I have bought the sony VAR that weightlifter recommended. I want to put it in the car but I don't really see how I'll get anything. They work together and drive around in work vehicles throughout the work day. The only stuff I think I'll hear is the boring talk shows he listens to on the way to and from work.

Is there a way of filtering out the radio so that I can just hear conversation? I am actually afraid to do this- afraid of what I will find I guess.

I think I need a GPS live tracking any suggestions? I know Sony but what else is available? Are they all hooked up to monthly fees if they are live tracking? I checked his bank statements and he has a lot of activity in and around her house- stores, gas stations etc…

I am doing so many things wrong. I checked his texts to me and in the middle of an argument about the suspected OW he texted "see ya love ya" he would never say that, never spell you like ya either. he admitted it didn't sound like something he would say but he must have and he meant he wanted to see me and that he loved me.

Also there was an emoticon ":/ are you at work?" from him when we were arguing. When I asked him later he did not know what the emoticon meant and said it must have been an accident.

I think he gave the OW his phone and she texted me but I'm not sure.
It makes me feel like they are laughing at me.

time to VAR and GPS


----------



## ReidWright (May 15, 2014)

for the radio noise, most people will turn it down if they are on the phone or having a conversation with a passenger. you can use audacity (free audio editor) to apply a high pass filter to remove some of the low frequency road noises, and increase the volume, etc


does he have a bag (laptop, backpack, lunch bag) that he takes with him in the work car? a slim pen var could be useful in that situation


----------



## nursejackie (May 22, 2015)

Thanks Reidwright
yes he has a lunch bag with lots of pens I could add it to the mix.


----------



## Bananapeel (May 4, 2015)

Don't worry too much about the background noise from the car. With the VAR you don't really need to completely hear his entire conversation with the OW, just enough to confirm your suspicions. 

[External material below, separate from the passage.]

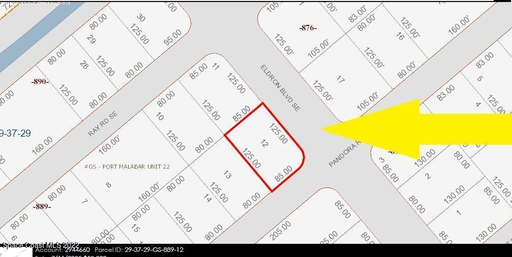 0.24 acre residential CORNER lot (Rs2 Zoning) available in Port Malabar Unit #22 of Palm Bay. This lot is located in the SE Section of Palm Bay just south of Bayside Lakes Subdivision and the PGA Majors Golf Course, and conveniently located near Publix Shopping and newer residential homes. From Exit #173 of I-95 go west on Malabar Road NE. Turn left on San Filippo Drive SE and proceed south for 4.8 miles. Turn right on Eldron Boulevard and proceed for 0.5 miles to the corner on Pandora.

The SONY VAR I used for my wife had poor quality audio because of the location (it was in my bedroom closet and they were in the kitchen) but it did a good enough job to confirm and let me take action. I'm actually glad I didn't get a clear audio since it would have haunted me for a very long time. 

If you live in a state that isn't a "no-fault" divorce state, then you will need very good quality proof and probably would do best hiring a private investigator.


----------